Upvote:13
Most of Christianity –including Catholicism and Protestantism¹– makes a distinction between saving faith vs. generic faith. One can have faith in your toaster's ability to evenly heat your toast or faith in the laws of physics but these kinds of faith don't make you right with God. As you pointed out even other religions have things they call "faith", and even godless religions such as humanism or atheism have their own kinds of faith.
What Christianity says is that saving faith in Christ that is our only path to being reconciled with God cannot come through our own impetus but must come through God's Spirit acting in us.
As such all other "faith" is empty — no other "faith" saves us. Neither faith in any specific religious system or generic faith not placed in anything specific will be instrumental in saving men from their sins. Hence nearly all Christians would say that these other "faiths" are not gifts from God.
How exactly they are described varies some between traditions: some blame the Devil, others say it's just man's sinful nature conjuring up counterfeits. But the result is largely the same — saving faith in Christ is a gift from God, not any other kind of faith.
Where different Christian traditions differ on this issue is on how much of the responsibility for this faith lies on man and how much on God. As an example contrasting Catholicism and Reformed Protestantism, the former would say that God gives the gift of faith rather broadly making it available to men but men have to pick up the ball and run with it while the latter would say that saving faith can only ever be exercised by a heart that has been regenerated by God and that living out that faith is the inevitable consequence of having been granted such a faith.

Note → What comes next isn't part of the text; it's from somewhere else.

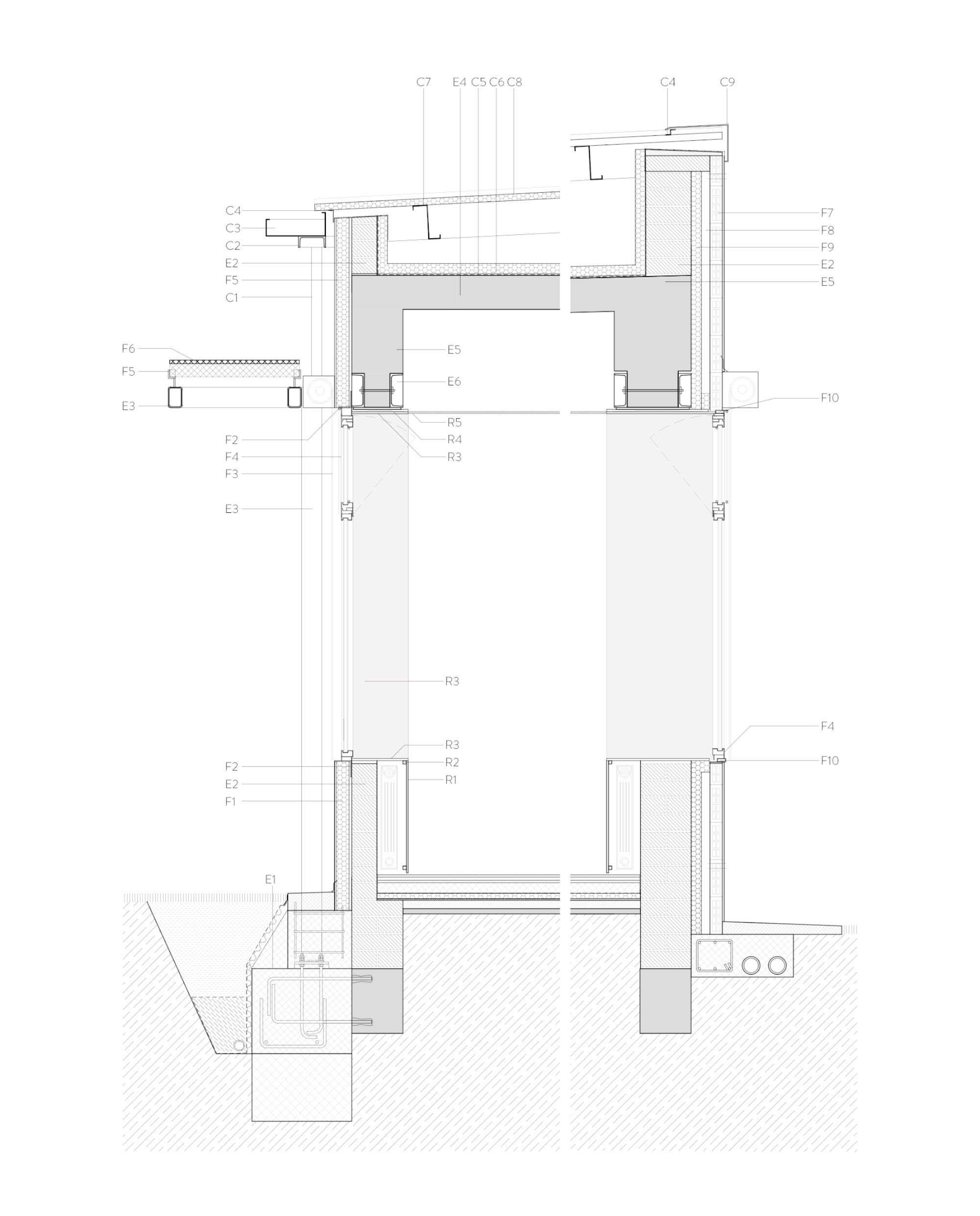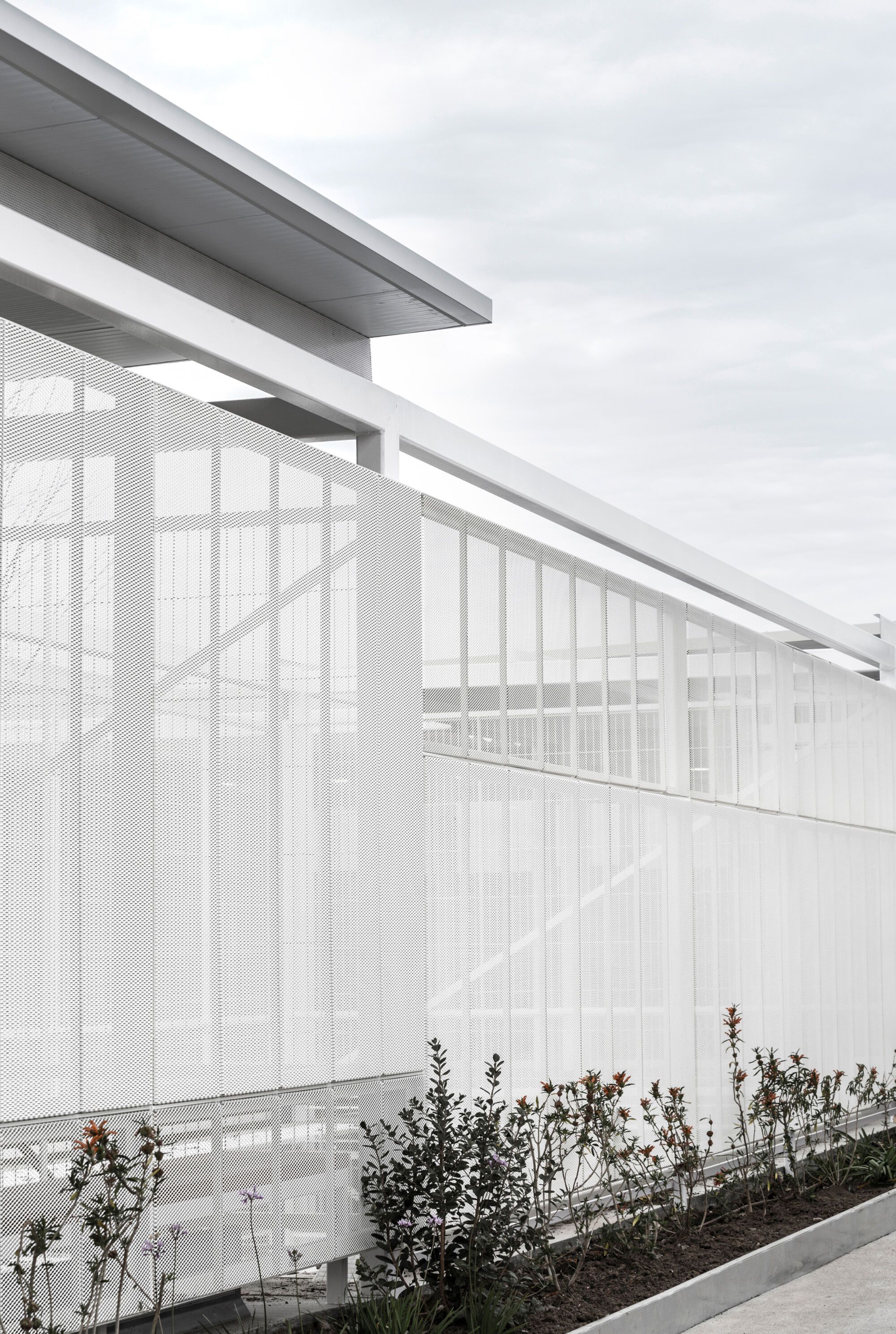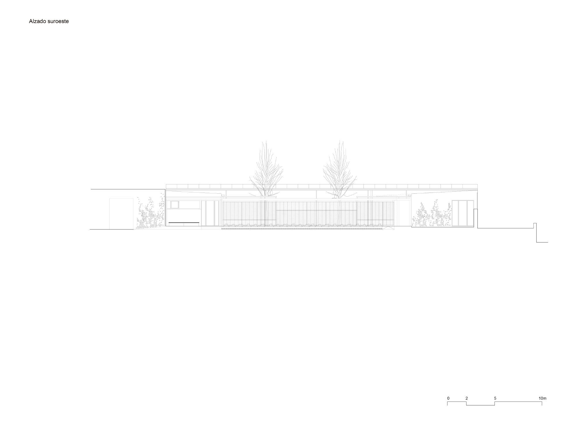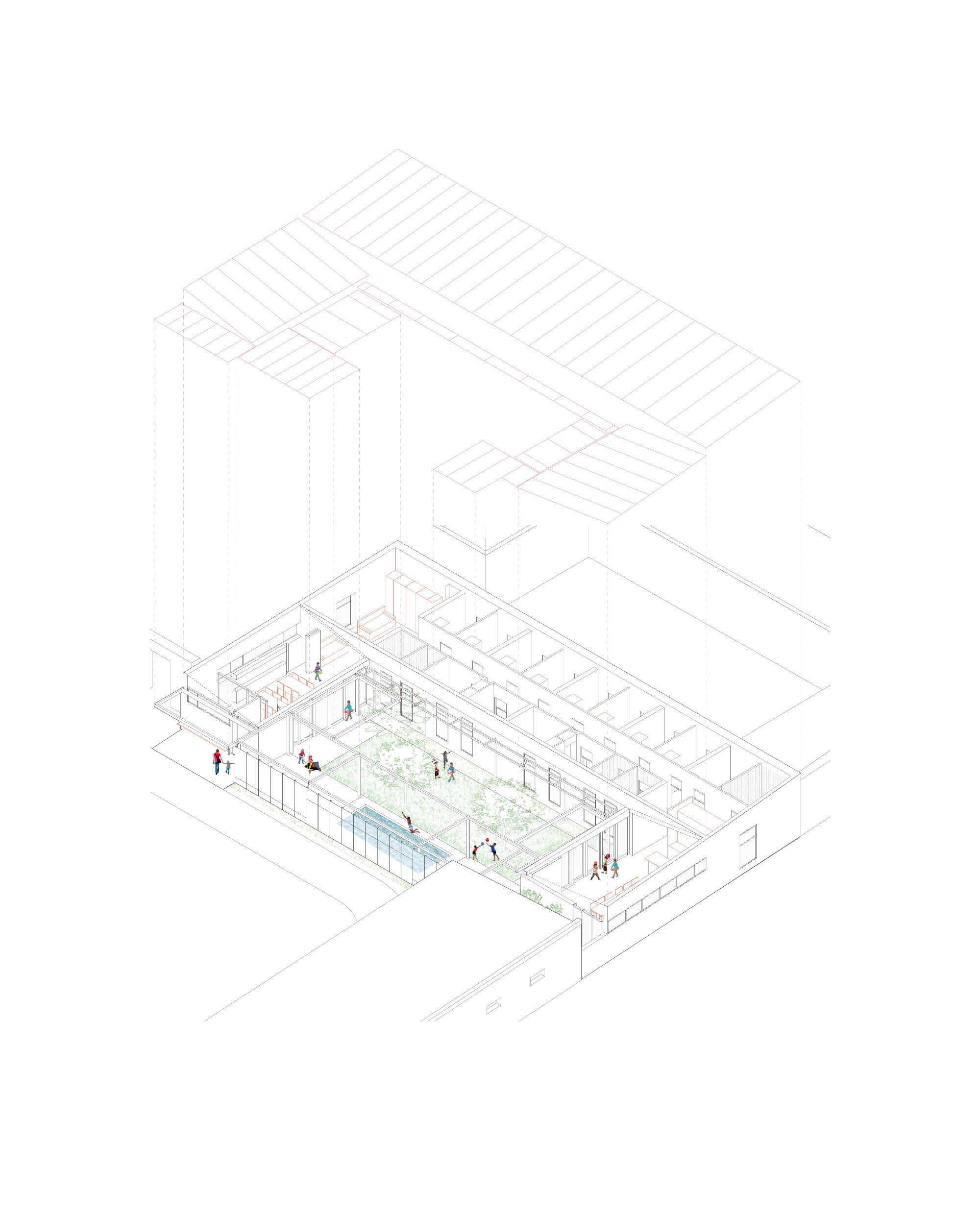 The privacy and safety of the residents are a fundamental condition of the project. The project chooses an enclosure based on oven-lacquered expanded metal sheets, which offer varying degrees of opac-ity. This system creates visual relationships that foster the connection between interior and exterior while preserving the privacy of inhabitants. The pool, which has significant accessibility restrictions, features a very light and permeable fence, aiming to belong to the central courtyard.

It probably also bears mentioning that faith in the Christian sense is not some nebulous abstract. It is concrete in that we know exactly what we hope for (eternal communion in the presence of God), by what means we expect to realize that hope (Christ's sacrifice for sins reconciling us to God and adopting us as his own children), and have been given concrete evidence that what is promised will be delivered (the history of redemption through the OT, the resurrection of Christ in the NT, the Holy Spirit with us now).
Virtually all other kinds of so called "faith" are much more abstract — either nebulous or blind. You mention Islam for one. I live in the Middle East and am quite familiar with Islam's version of faith and it is not so different from a humanists hope in humanity. To a Muslim faith is a tenuous hope against hope that if they do enough of the right things Allah might "mercifully" overlook their faults when the time comes. There is no assurance that he will, much less a guarantee that he has (as in Christianity) only a vague hope that he might forgive them. To a deist or agnostic who has "faith", its just so nebulous that it hardly means anything: faith to my friends in this category is a tenuous prayer into the void hoping everything will all work out in the end, but they haven't a clue how or why it would. Christianity, on the other hand, is very definite about how things will work out, who they will work out for, and why it will be that way. Faith for a Christian is foreknowledge of a certain outcome based on reliable proof in the past.
¹ Orthodoxy is a little harder to pin down on this issue because it downplays the role of faith in salvation at all. Some liberal mainline Protestant denominations would also soft peddle this issue as they are not firm on Salvation being found in Christ alone.